Can computers predict the next tsunami?

STANFORD (US) — Scientists have developed computational models of the earthquake and resulting tsunami that devastated Japan in 2010 in order to predict disasters of the same scale.

When the magnitude 9.0 earthquake struck off the coast of Japan in March, it triggered a tsunami that killed more than 20,000 people and destroyed entire cities.
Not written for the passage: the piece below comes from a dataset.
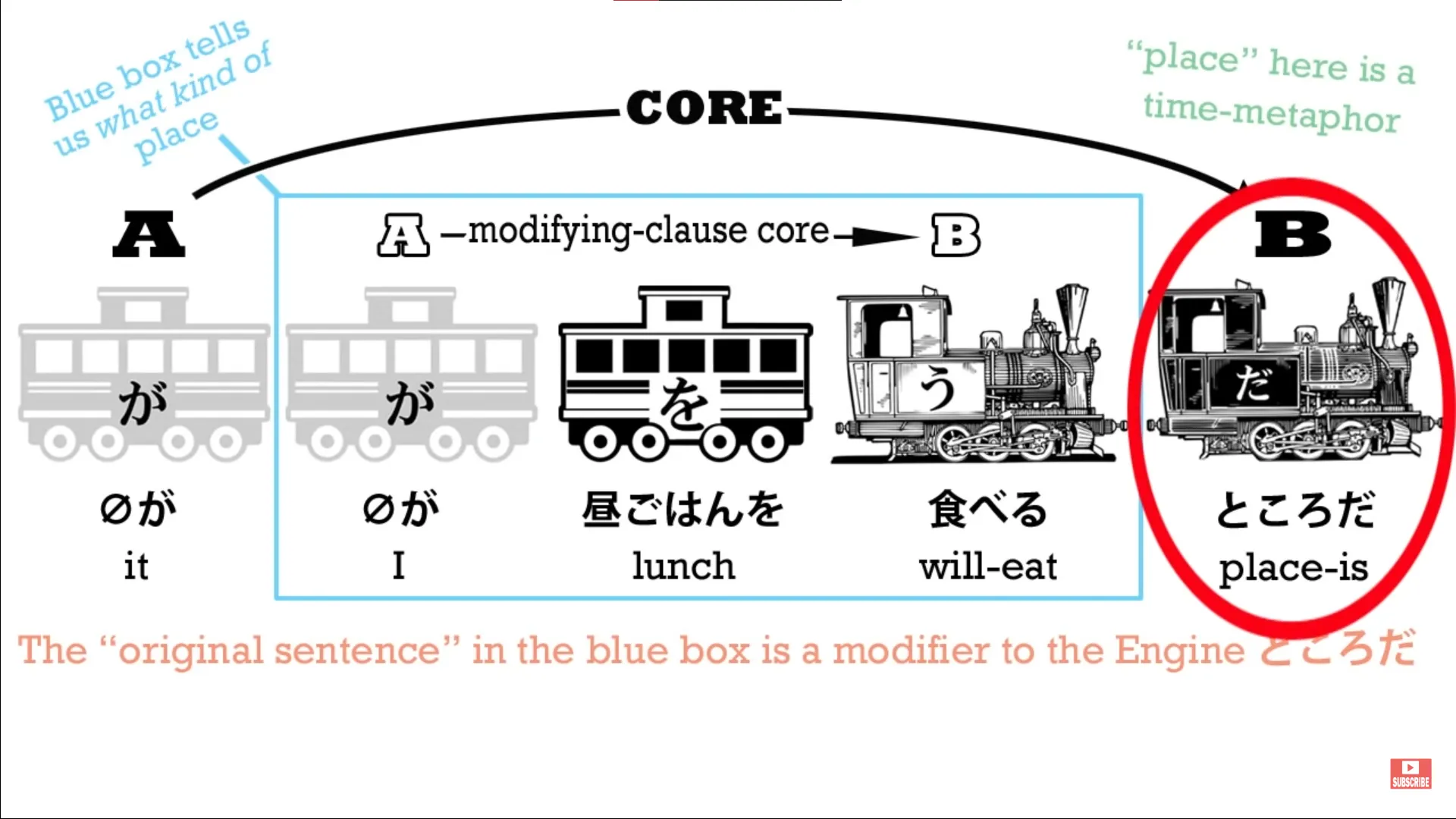 Et si nous comprenons cette analogie, nous pouvons comprendre certaines utilisations qui sont souvent expliquées sans en expliquer le fondement structurel, ce qui finit par vous donner simplement une liste de choses à mémoriser et, comme d'habitude, à dire « eh bien, ceci va avec cela et signifie cela, et nous ne savons pas particulièrement pourquoi ». Donc, par exemple, nous pouvons utiliser ところ

It was the largest earthquake ever recorded in Japan, and the scale of the disaster stunned even geophysicists who specialize in earthquake science.
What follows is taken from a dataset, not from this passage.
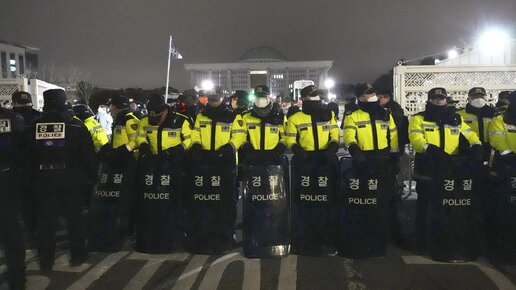 Протестующие в Южной Корее после введения военного положения

“In this earthquake it was really surprising that we got such a large seafloor uplift and such a large tsunami,” says Eric Dunham, assistant professor of geophysics at Stanford University.


“Before this earthquake, before we had these detailed measurements, it was thought that this upper part of the fault would not slip in one of these large earthquakes.

“The extreme amounts of slip in the upper part of the fault led to a large amount of uplift in the seafloor, and then that uplifted the column of water that sloshed back down and created this large tsunami,” he says.

Measurements from the quake zone show that the fault slipped about 20 meters, and the seafloor lifted up about 7 meters.

“This is essentially a third of a football field the plate was displaced horizontally, and the seafloor lifted up about the height of a two-story building,” says Jeremy Kozdon, a postdoctoral research fellow who has been working with Dunham to create computational models to pinpoint the cause of the devastating tsunami.

“It was expected that there would be large earthquakes in this region, but it wasn’t expected that there would be a magnitude 9.0. And it wasn’t expected that there would be a large tsunami, or at least a tsunami of this size.”

The undersea mega-thrust earthquake happened off Japan’s northeast coast in an area known as a subduction zone, where the Pacific Plate plunges beneath the Japanese islands.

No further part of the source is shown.